Ordered phases and transport phenomena in 2D materials
Quantum materials are on the rise and during last 10 years or so there have been a large amount of predictions and discoveries of strongly correlated 2D materials, their ordered phases, and the vast possibilities to manipulate them various ways.
These materials are often so called van der Waals crystals that can be “peeled” atomic layer by layer from a 3D bulk material down to a few or even a single crystal layer. The low dimensionality enables unprecedented possibilities to externally tune their properties by external knobs such as e.g. electrostatic gating, by combining them together in heterostructures, or by placing ad-atoms on their surface. Many 2D materials have complex phase diagrams with several competing ordered states at low temperatures as parameters such as e.g. carrier doping, pressure, or magnetic field are varied. The main purpose of this proposal is to study these materials and to develop theoretical and computational tools to describe their broken symmetry phases and the resulting phase diagrams. Furthermore we will study transport in heterostructures composed of 2D materials.

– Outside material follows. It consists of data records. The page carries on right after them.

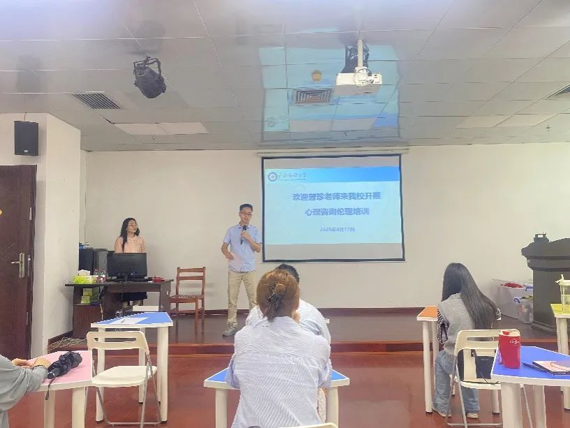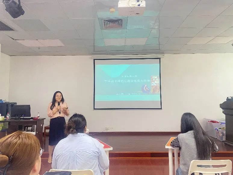 4月17日下午,大学生心理健康教育中心特邀广西大学学生心理发展指导中心副主任曾珍老师开展《从理论到实践:新手咨询师的伦理决策能力培养》专题培训,我校心理中心专兼职教师、实习咨询师共20余人参与学习。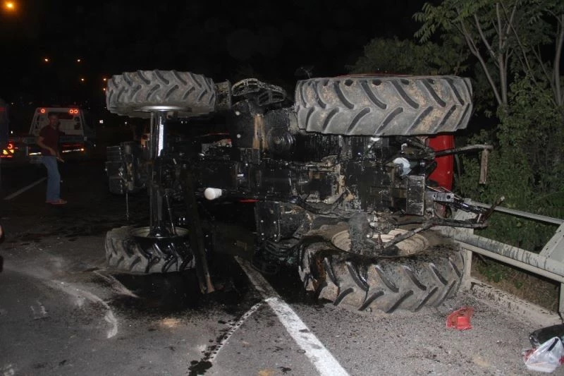 Elazığ’da bariyerlere çarparak devrilen traktördeki 2 kişi yaralandı.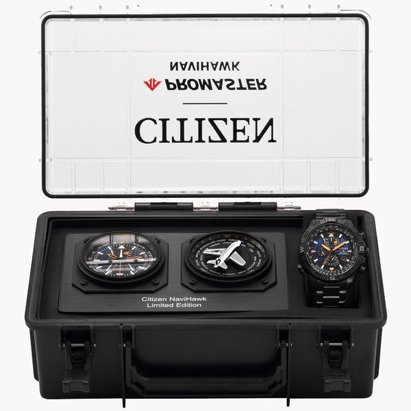 From the Citizen Eco-Drive® Promaster Navihawk A-T Collection, this men's limited edition set features a watch with a blue dial, luminous hands and markers, 3 chronograph sub-dials, a date display at the 4 o'clock hour, with a compass bezel and sapphire crystal in a 48.0mm black ion-plated stainless steel case. The quartz movement keeps you right on time and the Citizen Eco-Drive® technology harnesses the power of light so it never needs a new battery. A pilot's dream, this set comes in a collector's box that includes 2 clocks - one with local time - and the other with world time (24 world cities/time zones). The black ion-plated stainless steel bracelet secures with a fold-over clasp. Water-resistant to 200 meters.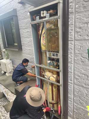 故障した温水器(左)を分解し、最新機種(右)に入替え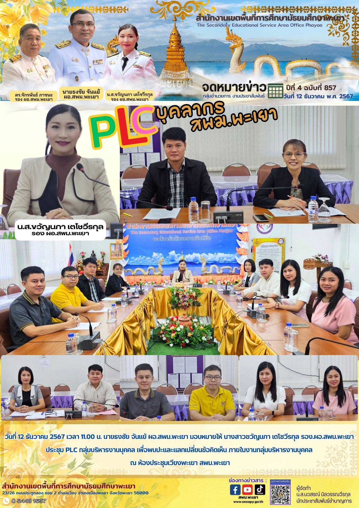 จดหมายข่าว สพม. กลุ่มอำนวยการ งานประชาสัมพันธ์ ปีที่ 4 ฉบับที่ 857:12 ธันวาคม 2567 12 ธันวาคม 202412 ธันวาคม 2024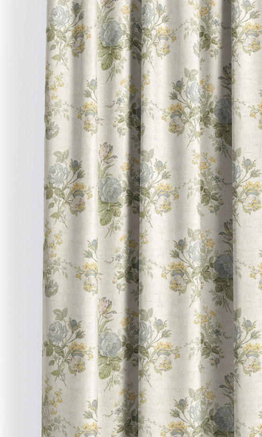 'Bamboo Canopy' Fabric Sample (Cream/ Cornflower Blue/ Green)
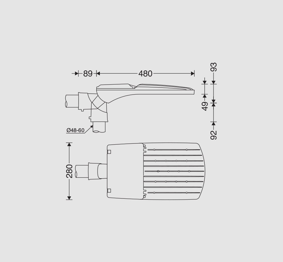 آستريا L - چراغ LED خياباني با IP66، توان 150 وات، 21000 لومن و دماي رنگ نور 5000 كلوين - طوسي

New dressed states and new quasiparticle species follow from strong many-body effects and can be excited by applying pressure, electrostatic gating, magnetic or electrical fields or illuminating by light in the THZ to the infrared frequency range. Signatures thereof can be probed by different type of tunnelling probes and transport measurements.
Mikael Fogelström (contact)
Chalmers, Microtechnology and Nanoscience (MC2)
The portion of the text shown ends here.